Вместе с пробудившимся сознанием у о. Алексия возрастали и жизненные трудности: болезнь жены все развивалась, средств не хватало на пропитание и лечение, обременительные долги — при мучительном сознании, что церковный дом есть источник гибели для всей семьи; к этому присоединилось крайне черствое и безучастное отношение всего духовного начальства, включая сюда и главу Московской митрополии — Владимира. Наконец, 29 августа 1902 года умирает жена о. Алексия, и в страшном горе, близком к отчаянию, о. Алексий бросается за помощью к тому, в ком видел дерзновение и истинную молитву — к Иоанну Кронштадтскому. «Ты жалуешься и думаешь, что больше твоего горя нет на свете, так оно тебе тяжело. А ты будь с народом, войди в его горе, чужое горе возьми на себя — и тогда увидишь, что твое горе маленькое и легкое по сравнению с тем горем; тебе и легко станет». Так ответил ему Кронштадтский пастырь.

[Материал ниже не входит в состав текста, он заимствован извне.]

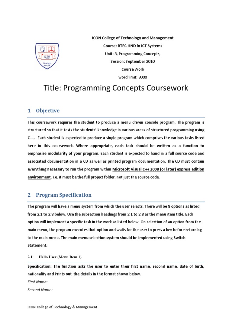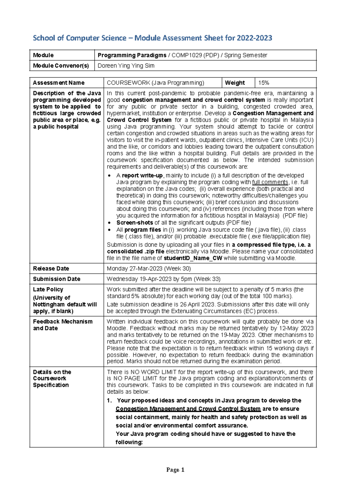 COMP1029 CW Java - School of Computer Science – Module Assessment Sheet ...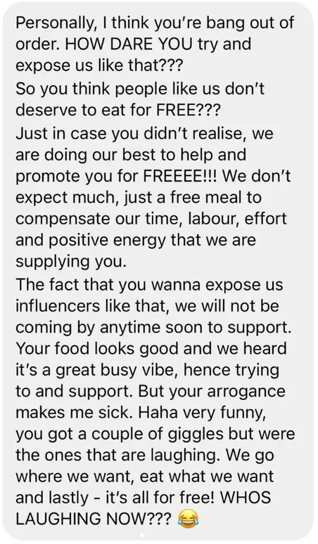 It all began when an influencer slid into the restaurant's DMs, casually asking for a free brunch in exchange for social media exposure.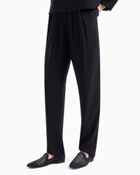 High-waisted trousers with darts that start from the top with an oval leg, made from technical cady, a flowing, lightweight fabric that gently skims over the skin, offering an impeccable look to any silhouette. With a casual yet refined appeal, these trousers are versatile enough to dress up a variety of occasions. Product Code: E3NP1B2NWAZ10926 Details Composition 100% Polyester Tech cady Wide belt Oval leg Pleats Satin interior waist Concealed zip fastening at the side Fitting The model is 178 cm tall and is wearing size 40/S (Italian Size)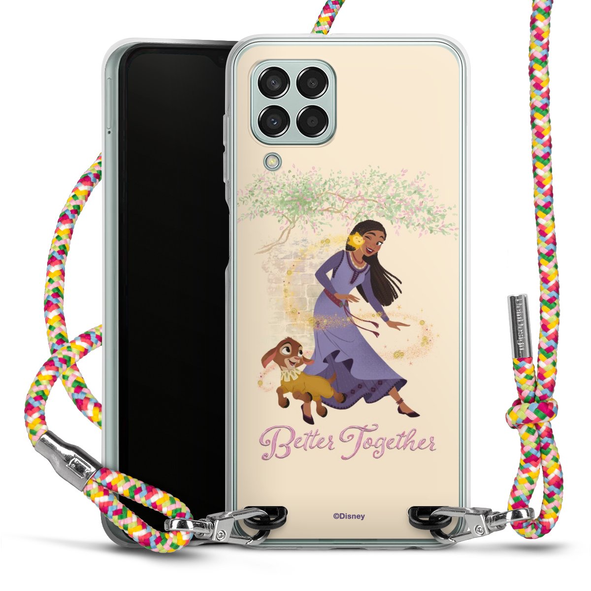 The flexible case is made from a highquality TPU material (thermoplastic Polyurethan). Thanks to its longlasting and break resistant characterisitcs, the case is flexible yet consistent in form and has a great grip and feel. The textile strap made from Polyester gives a chic yet casual accent allowing you to carry your phone like a bag or necklace - a practical gadget perfect for your next adventure. The textile strap is about 1.70 meters long and the length can easily be adjusted through the knots. Our Carry Case is available in Colourful, Mint-Camouflage, Very-Berry, Sahara-Sand and Sparkling-Neon. The ends of the textile strap are covered with metallic end caps to protect them against fraying.
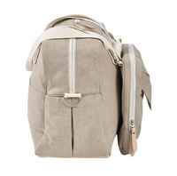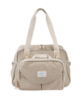 Niezwykle funkcjonalna i designerska torba dla mam francuskiej marki BEABA. Pomieścisz w niej bez trudu niezbędne dziecięce akcesoria i wygodnie je posegregujesz. Torba ma ciepły beżowy kolor oraz kremowe detale. To wszystko sprawia, że jest także doskonałym kobiecym dodatkiem. Bez trudu zapakujesz do niej również swoje rzeczy: telefon, długopisy czy klucze. Przy licznych przegródkach wewnętrznych znajdziesz metki, sugerujące ich zastosowanie.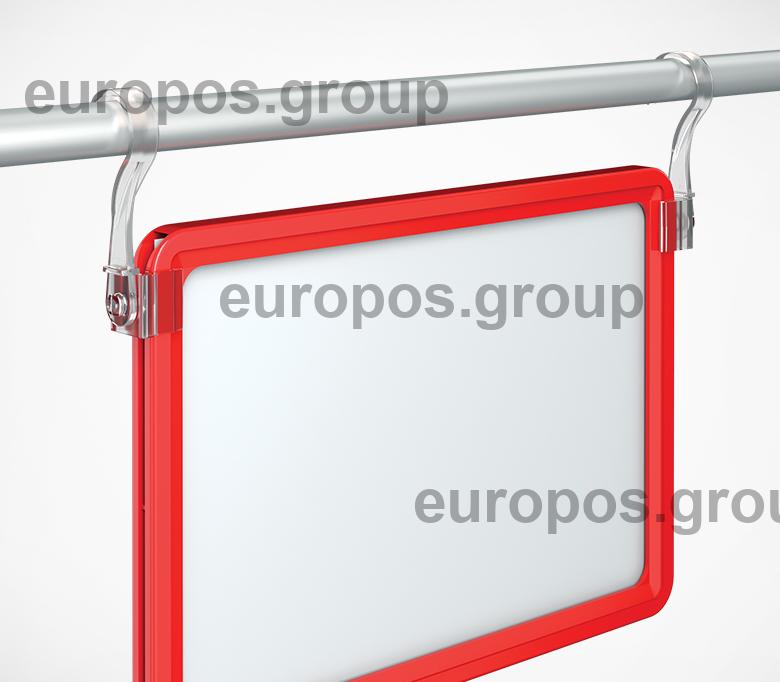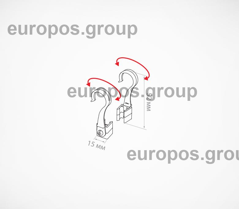 Крючок с подвижным основанием для подвешивания пластиковых рамок на трубу Ø20 мм. Также позволяет подвесить рамку на металлические покупательские корзины и подвесные профили. Закрепляется с боковой стороны рамки. Для подвешивания одной рамки необходимо два крючка разной ориентации (левый и правый). Изготовлен из ударопрочного пластика.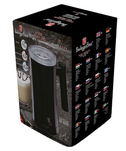 A Berlinger Haus Black Rose Collection elektromos tejhabosító kiváló minőségű rozsdamentes acélból készült, tapadásmentes bevonattal.Vízálló vezérlőpanel.Átlátszó fedő.Egyszerű használat, egy kapcsológombbal.3 választható funkció:meleg habosítás (90-120 mp) tejmelegítés (120-160 mp) hideg habosítás (kb. 60 mp).Automatikus kikapcsolás.Túlmelegedés elleni védelem.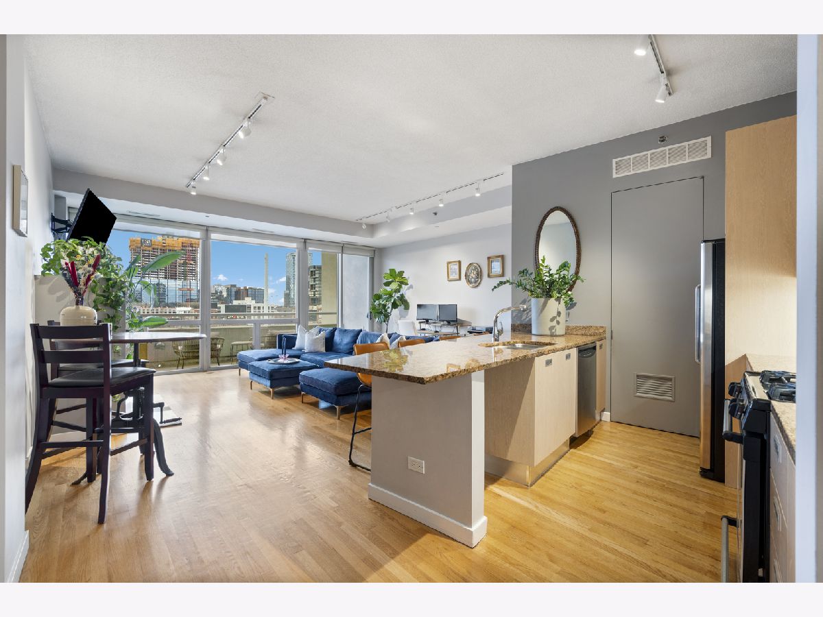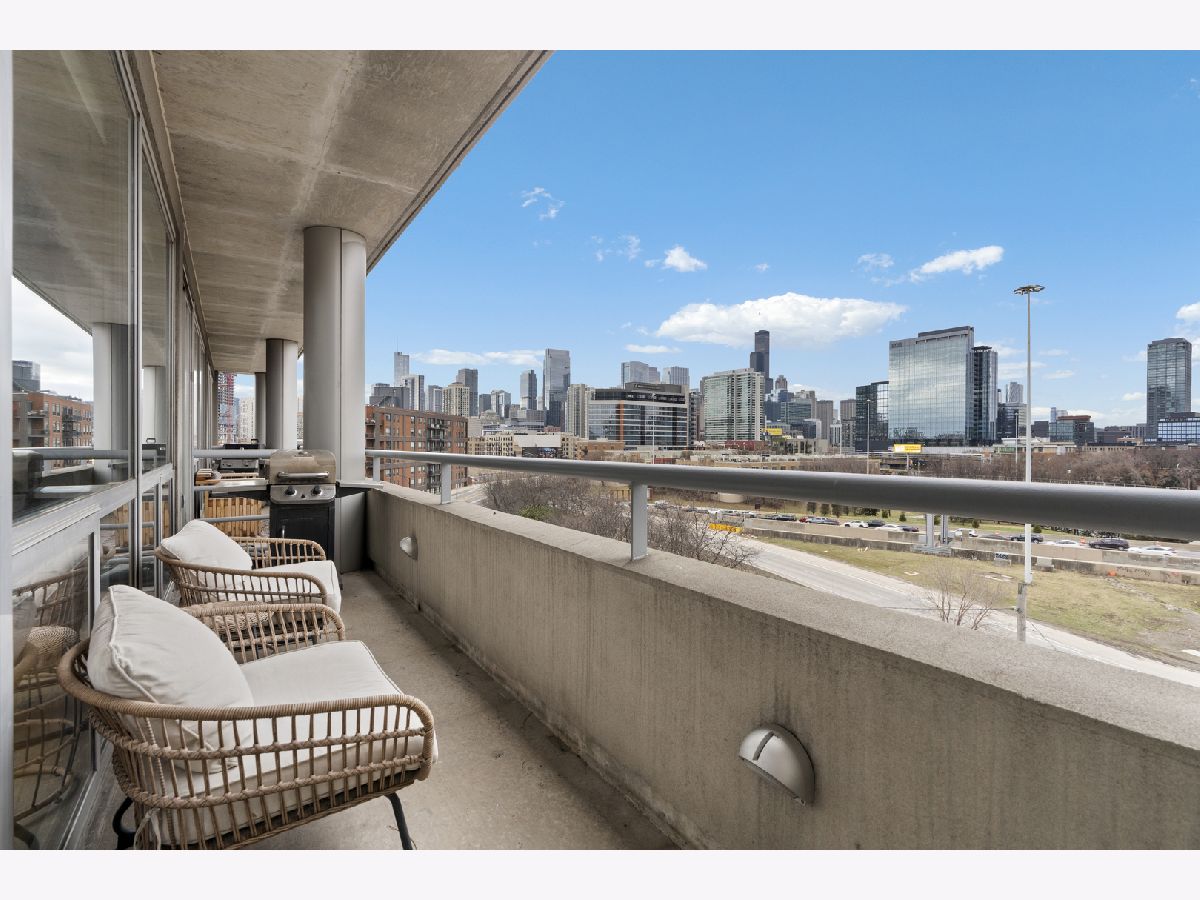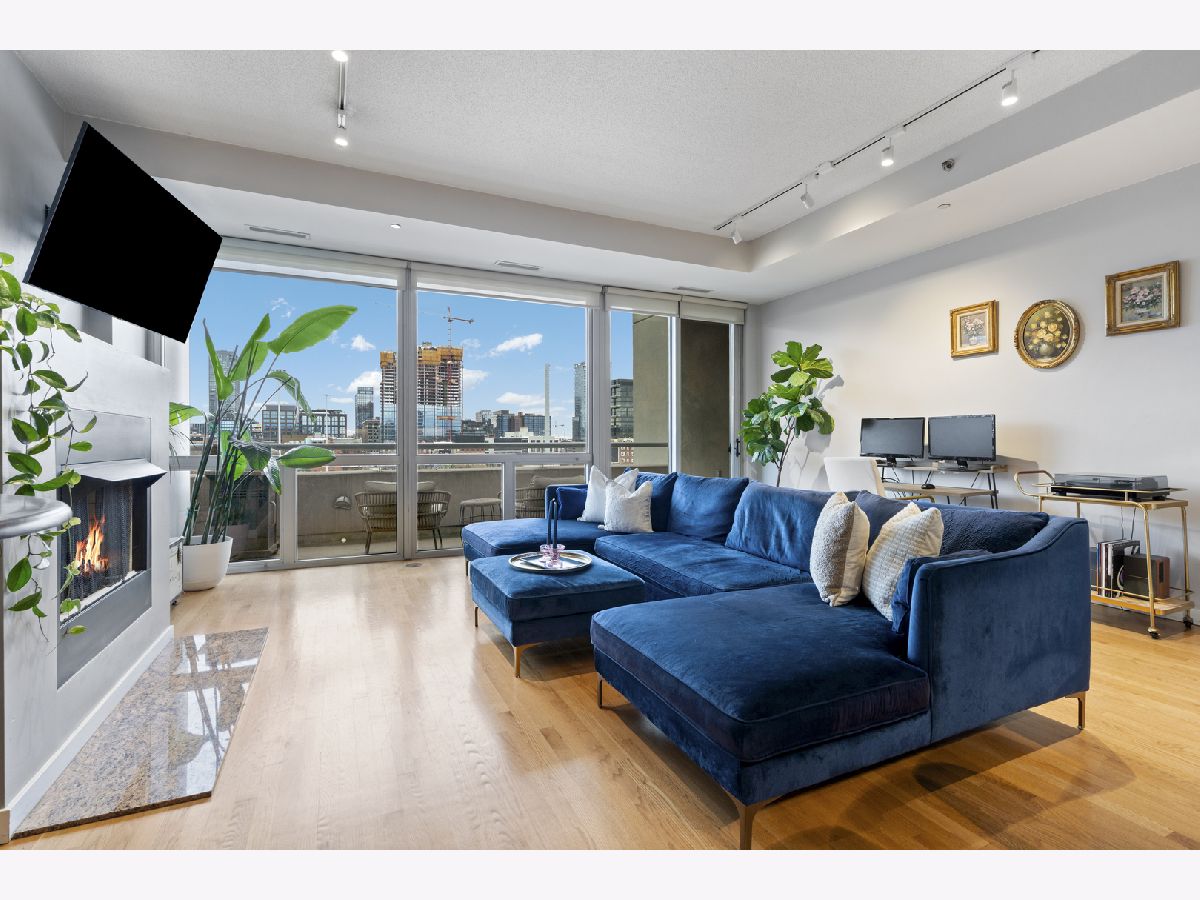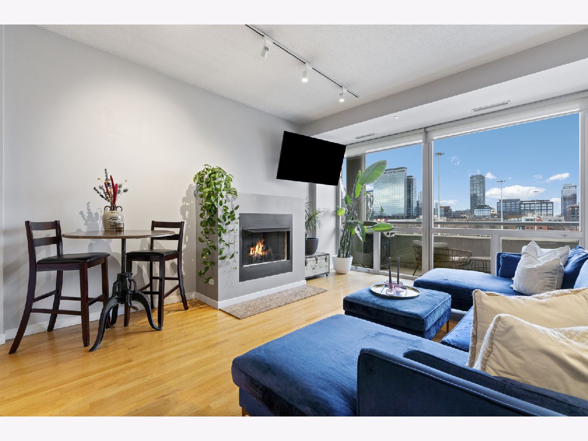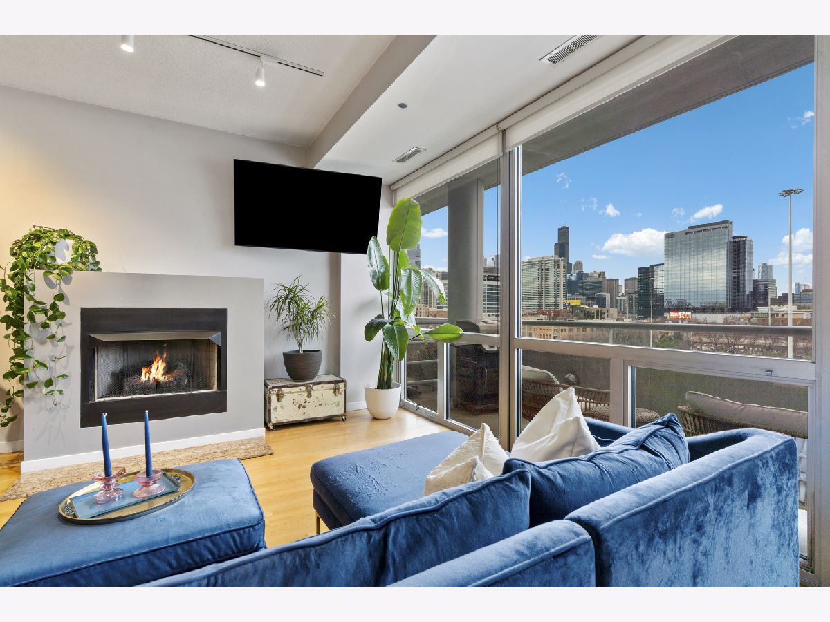 Enjoy stunning, unobstructed and protected skyline views from this oversized 1-bedroom condo in a boutique elevator building in the heart of River West. The updated kitchen features granite countertops, stainless steel appliances, sleek flat-panel cabinetry, and a peninsula that opens to an extra-wide living room with a cozy gas fireplace and a full wall of south-facing windows, filling the space with natural light and complemented by impressive 10' ceilings. Step out onto your private covered balcony spanning the full width of the unit, perfect for morning coffee, grilling, or unwinding with skyline views at the end of the day. The spacious bedroom comfortably fits king-sized furniture and offers a full wall of professionally organized closets. Spa-like bathroom with elegant Crema Marfil stone, oversized vanity, and glass-enclosed whirlpool tub/shower combo. Additional features include in-unit laundry, oak hardwood floors, and upgraded Traco windows providing excellent sound insulation for a quiet, serene home. Professionally managed, pet- and investor-friendly building with Butterfly access and new security camera system; high-speed internet included in HOA. Unbeatable location near the Blue Line, 90/94, and all the dining, shopping, and nightlife River West, Fulton Market, West Loop, River North, and Wicker Park have to offer. Heated attached garage parking available for $25K.

Этот совет есть ключ к пониманию деятельности о. Алексия: о. Алексий весь уходит с этого времени в чужое горе и в чужое страдание. Он растворяет свое горе в общей скорби. Он навсегда отказывается от своей личной жизни. «Пастырь должен разгружать чужую скорбь и горе», — многократно и упорно учил он впоследствии, опираясь на опыт своей жизни. Он теперь никогда не остается один, с утра до вечера отдавая себя приходящим. Свою врожденную нежность к семье и к детям он распространяет на всех, кто бы ни пришел к нему; и правильно говорилось о нем, что он для них не только пастырь и даже не только отец, но и заботливая мать. Он всячески помогает приходящим, но его прямое дело — это молитва, на которую указал ему о. Иоанн. Те, кто приходит к нему, чувствуют себя облегченными и обрадованными, несмотря на глубокое горе. Это потому, что о. Алексий таинственным актом молитвы перенес на себя их горе, а им — передал свою благодать и радость. Но зато в его нежном сердце это горе острее и мучительнее: проходят не только месяцы, но и годы, а он не может вспомнить прискорбного случая каких-то чужих и впервые им увиденных людей, к тому же давно исчерпанного, без слез, буквально обливаясь слезами, и стеная, как от сильной физической боли.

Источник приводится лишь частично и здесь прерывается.